SES shares have also plummeted, but Qichao Hu, CEO and one of the founders, said he was not worried. “That’s a good thing,” he said. “When the market is bad, only the good ones will survive. It will help the industry reset.”
SES and other battery companies say they have solved the basic scientific barriers required to make cells that will be safer, cheaper and more powerful. Now it’s a question of figuring out how to churn them out into the millions.
“We are confident that the remaining challenges are engineering,” said Doug Campbell, CEO of Solid Power, a battery manufacturer backed by Ford Motor and BMW. Solid Power, based in Louisville, Colo., Said in June that they had installed a pilot production line that would begin delivering cells for testing purposes to its automotive partners by the end of the year.
Indirectly, Tesla has created many of the Silicon Valley startups. The company trained a generation of battery experts, many of whom quit and went to work for other companies.
Gene Berdichevsky, CEO and co-founder of Sila in Alameda, California, is a Tesla veteran. Mr. Berdichevsky was born in the Soviet Union and emigrated to the United States with his parents, both electrical engineers on nuclear submarines, when he was 9. He received bachelor’s and master’s degrees from Stanford, and then became the seventh employee of Tesla, where he helped develop The Roadster battery.
Tesla effectively created the EV battery industry by proving that people would buy electric vehicles and force traditional automakers to count on the technology, Berdichevsky said. “That’s what’s going to make the world electric,” he said, “everyone is competing to make a better electric car.”
Sila belongs to a group of start-up companies that have developed materials that significantly improve the performance of existing battery designs, and increase the range by 20 percent or more. Others include Group14 Technologies in Woodinville, Washington, near Seattle, which is backed by Porsche, and OneD Battery Sciences in Palo Alto, California.
All three have found ways to use silicon to store power inside batteries, instead of the graphite that is prevalent in existing designs. Silicon can contain much more energy per pound than graphite, which means that batteries can be lighter and cheaper and charge faster. Silicon will also ease US dependence on refined graphite in China.

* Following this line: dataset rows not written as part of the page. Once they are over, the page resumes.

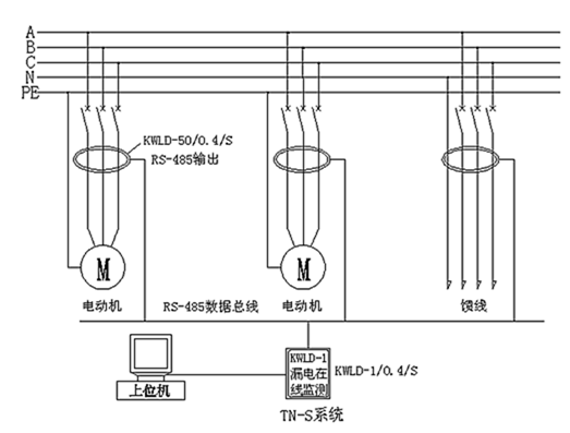 KWLD-6000系列智能漏電監測系統主要由 KWLD-1漏電監測主機、KWLD-50/80 智能漏電檢測互感器組成。漏電互感器通過串行總線,將漏電流數據上送到監測主機,監測主機通過TCP/IP協議與后臺監控計算機進行數據交換,實現通訊組網。并且陰雨天絕緣整體劣化情況自動適應,采用模糊算法干擾屏蔽,使其工作穩定可靠。
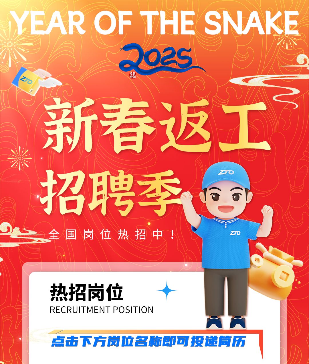 新年新气象!中通快递新春返工招聘季,全国有岗 快来报名!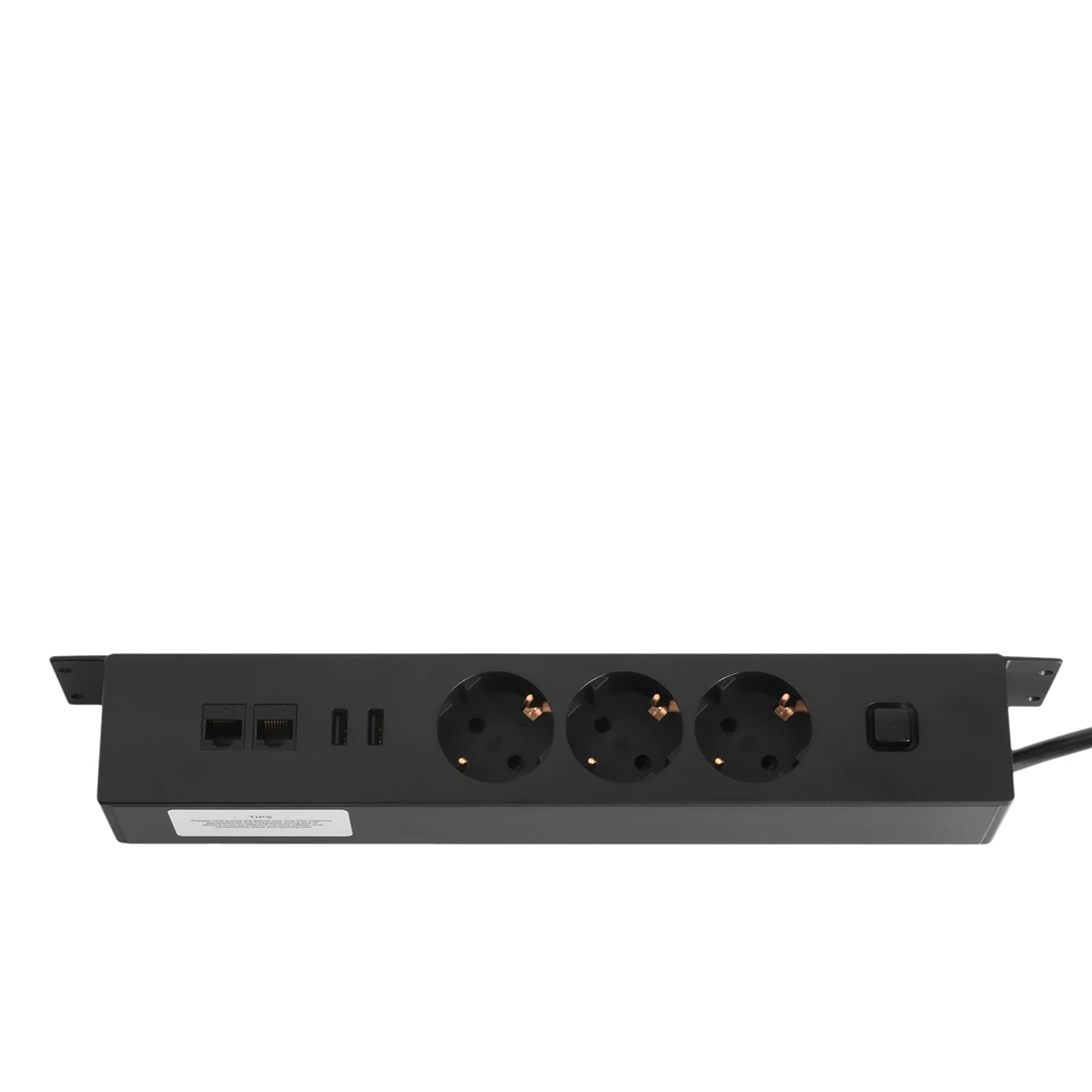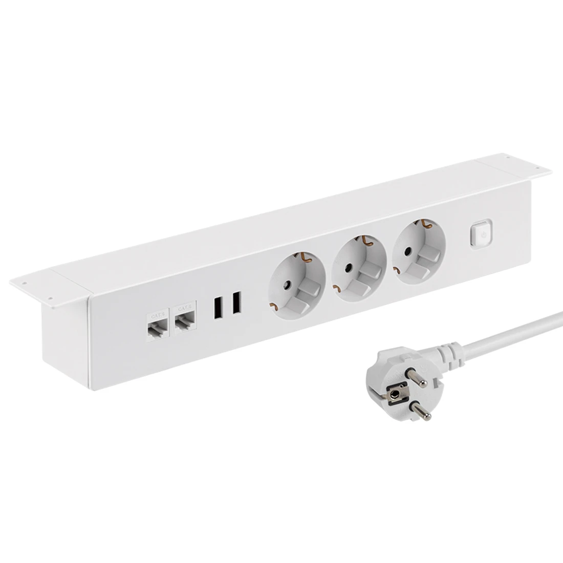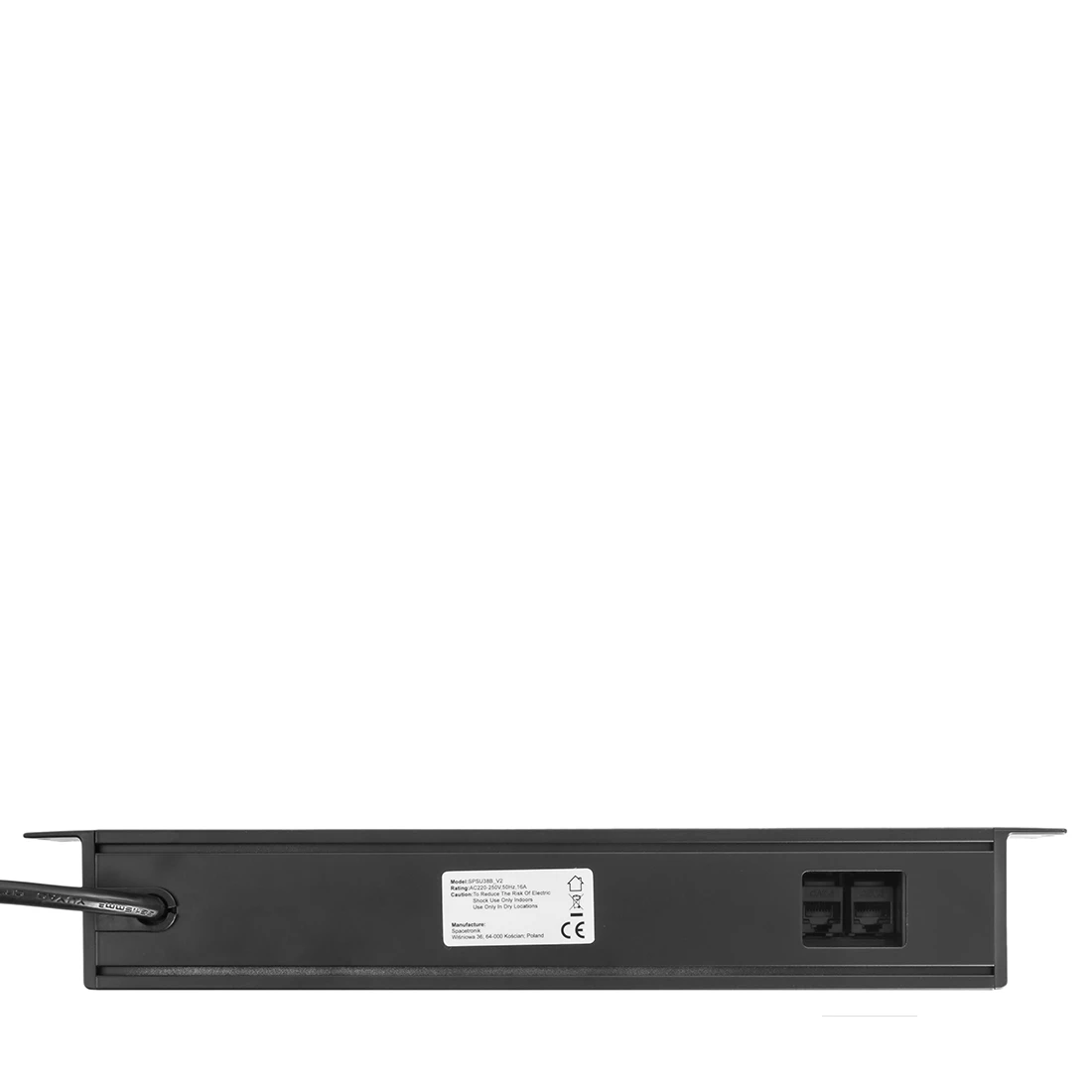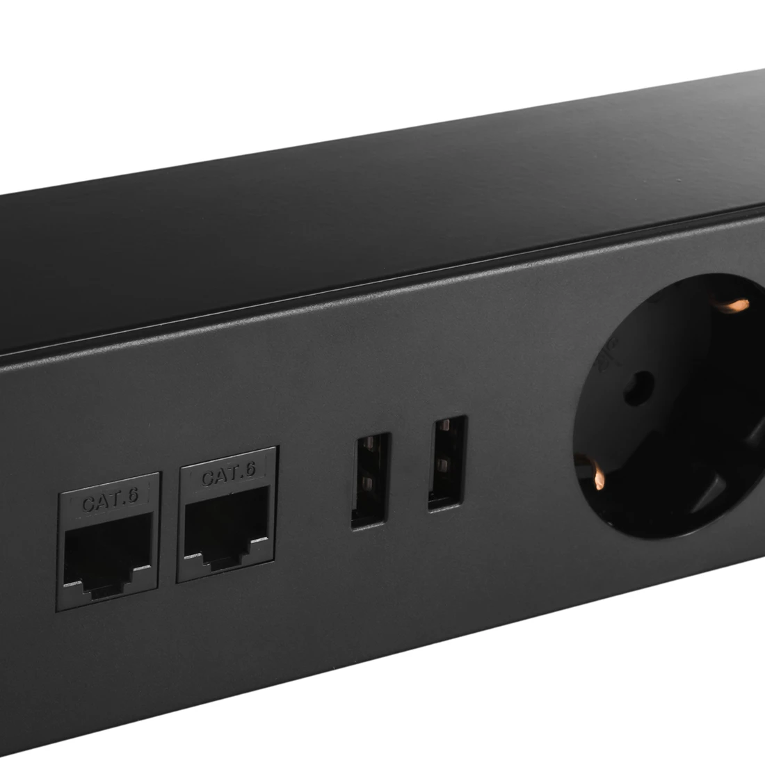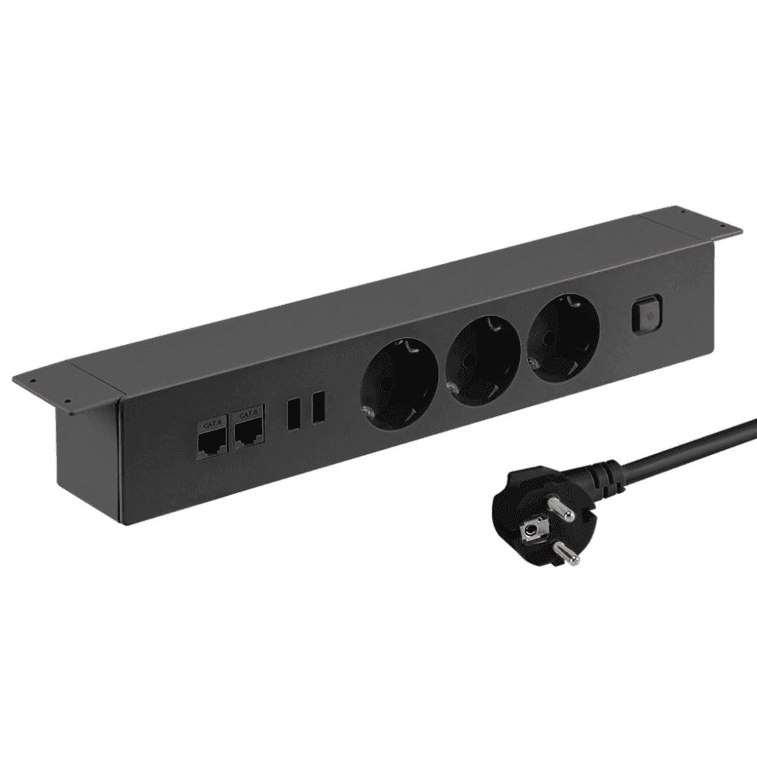 Listwa zasilająca podblatowa. Posiada trzy gniazda elektryczne (Schuko), podwójną ładowarkę USB, dwa keystony RJ-45 oraz włącznik. W kolorze czarnym oraz białym –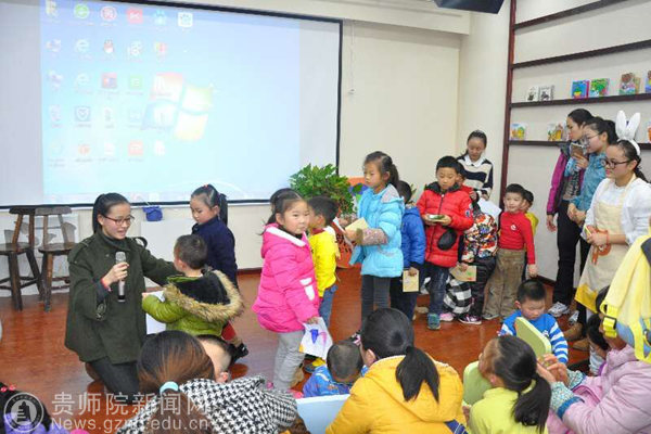 本网讯 12月3日下午,由bat365中文官方网站教育科学学院学前教育专业携手贵州省图书馆举办系列绘本故事会第七期与小朋友们再次相约,此次活动的主题为“感恩”,讲述的绘本分别是《猜猜我有多爱你》、《爱心树》。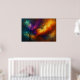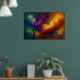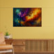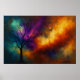 Ett ensamt träd står silhuetterat mot en himmel i brand med rörelse och känsla. Till vänster virvlar djupblått och lila bakom kala grenar - stilla, inåtvända, nästan frysta i tiden. Till höger fattar himlen eld i eldröda, röda och gyllene färger, när en flock fåglar bryter ut ur färgstormen, ledda av en ensam, svävande gestalt. Kompositionen fångar ett ögonblick av förvandling: från stillhet till flykt, skymning till gryning, skugga till strålglans. Varje penseldrag pulserar av energi och inbjuder betraktaren att bevittna spänningen mellan rotfasthet och frigörelse.
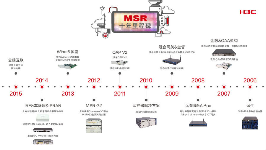 2006-MSR G1全家福 MSR产品引领路由器的全新时代 与传统路由器只是简单强调链路所不同,MSR设备集语音通信、无线接入、安全加密、以太网交换等业务于一体,能够在企业网络应用不断丰富的形势下,将多元业务方便的部署于同一节点,不仅能够最大程度的避免网络中多设备繁杂异构问题,而且极大降低了企业网络建设的初期投资与长期运维成本。由此,路由器发展也正式开启了多业务接入这一全新的时代。 近年来,融合的概念在IT基础架构领域大行其道,MSR在十年前就实现了这一点。通过强大的H3C Comware软件平台,MSR路由器实现了路由、交换、无线、安全等特性的融合,并为未来实现IT与CT的大融合打下了基础。 不仅于此,MSR路由器还通过不断的发展,对行业应用模式带来了深刻的影响。例如业界第一款路由交换一体机MSR3011E/F,集成路由、交换、安全特性,彻底改变了金融网点组网模型,使金融网点步入一体化组网时代。而2010年MSR路由器推出业界第一款开放架构平台,将CT和IT融为一体,可以方便地集成定制业务或者第三方软件。2014年业界第一款在中低端路由器上支持虚拟化(IRF2.0)解决方案在MSR路由器上成功实现,将网点网络接入路由器可靠性,再次提升一个层次。 MSR推出后,多业务路由器很快成为了整个路由器市场中的重要组成部分,并迅速获得了用户的认可。在短短十年间,在网运行设备的MSR路由器设备已近两百万台,连续10年入围四大行集采,电力调度网份额持续第一的市场份额,参与政府十二金工程中九个骨干网的承建。藉此,H3C MSR系列路由器也成为了广域网分支路由器领域的最大赢家,从2010年至今,MSR系列路由器一直排在国内同等级别路由器市场份额的首位。 从最初的单台路由器设备,到如今交付给用户全套的解决方案,MSR系列产品已经走过了一段快速发展的路程。在这一过程中,华三通信将网控器特性、OAA开放平台架构、虚拟化解决方案、场景化的云端互联解决方案等创新技术不断加入其中,使其始终领跑在同类产品的最前端。 迈过十年门槛的MSR,未来还将继续扮演重要的角色,精彩仍将继续! 新华三集团公司简介 新华三集团(简称新华三)是全球领先的新IT解决方案领导者,致力于新IT解决方案和产品的研发、生产、咨询、销售及服务,拥有H3C?品牌的全系列网络、服务器、存储、安全、超融合系统和IT管理系统等产品,能够提供大互联、大安全、云计算、大数据和IT咨询服务在内的一站式、全方位IT解决方案。同时,新华三也是HPE?品牌的服务器、存储和技术服务的中国独家提供商。 以技术创新为核心引擎,新华三40%的员工为研发人员,专利申请总量超过 6,500 件,其中 85%以上是发明专利。2015年新华三申请专利841件,平均每个工作日超过3件。 以客户需求为发展方向,新华三聚焦新IT技术领域,打造高度融合的新IT生态圈,帮助各行各业实现传统IT向新IT的融合与演进,推动全产业的转型、升级与变革。 根植中国,作为新IT的引领者和新经济的推动者,新华三长期服务于运营商、政府、金融、电力、能源、医疗、教育、交通、互联网、制造业等各行各业,将卓越的IT创新与全社会共同分享,加速社会向信息化和智慧化的迈进步伐,助推新经济快速发展。 服务全球,新华三产品已广泛应用于近百个国家和地区,尤其是欧洲和北美市场,客户包括沃达丰、西班牙电信、瑞士电信、可口可乐、梦工厂、法国国铁、俄罗斯联邦储蓄银行、三星电子、巴西世界杯等。 新华三以新IT力量引领时代变革,成就“创新共享,智慧互联”的精彩世界。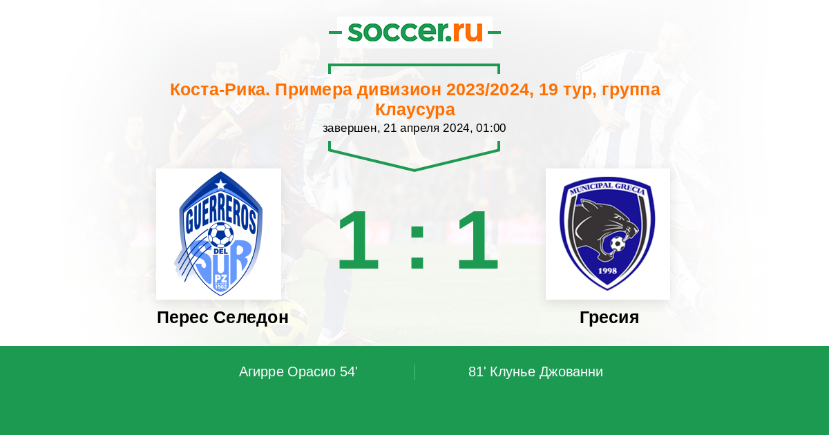 Протокол матча Зеледон против Гресия
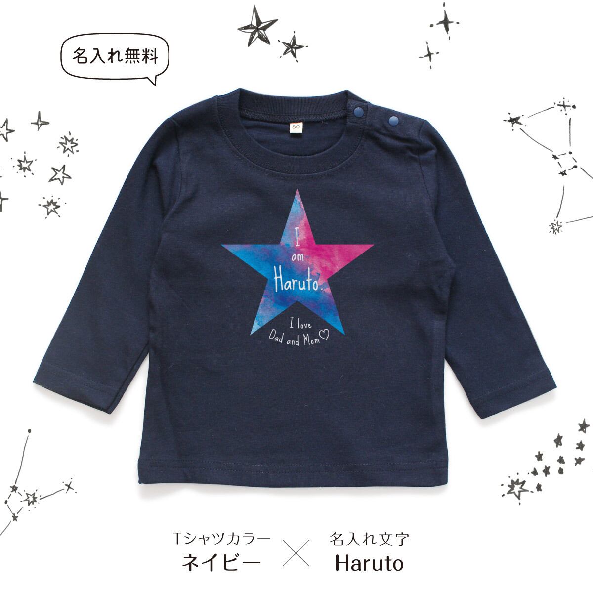 【長袖Tシャツ】名入れ キッズ ベビー 水彩画風ビッグスター02 80cm 90cm 110cm 130cm 名前入り 出産祝い ギフト 誕生日 プレゼント 男の子 女の子 バースデー 赤ちゃん服 子供服 イニシャル ネーム おしゃれ かわいい 人気 おそろい 兄弟 姉妹 メール便送料無料 | Dessert Apparel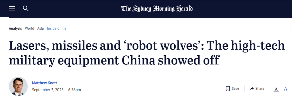 澳大利亞《悉尼先驅(qū)晨報》報道稱,中國閱兵式上展示了彈道導(dǎo)彈、激光武器、戰(zhàn)斗機、水下無人潛航器,甚至還有“機器狼”。

The disadvantage of silicon is that it swells to three times the size when charged, which potentially loads the components so much that the battery would fail. People like Yimin Zhu, OneD’s chief technology officer, have spent a decade baking different mixes in laboratories full of equipment, looking for ways to overcome this problem.
Sila, OneD and Group14 are now in various stages of increasing production at locations in Washington State.
In May, Sila announced an agreement to supply the silicon material to Mercedes-Benz from a factory in Moses Lake, Washington. Mercedes plans to use the material in luxury sports cars from 2025.
Porsche has announced plans to use Group14’s silicon material by 2024, albeit in a limited number of vehicles. Rick Luebbe, CEO of Group14, said a major manufacturer would use the company’s technology – which he said would allow a car to charge in 10 minutes – next year.
“At that time, all the benefits of electric vehicles are available without any disadvantages,” said Luebbe.
The demand for batteries is so great that there is plenty of room for more companies to succeed. But with dozens if not hundreds of other companies pursuing a piece of a market that will be worth $ 1 trillion when all new cars are electric, it’s guaranteed to be wrong.
“With each new transformation industry, you start with a lot of players, and it gets limited,” Luebbe said. – We’ll see that here.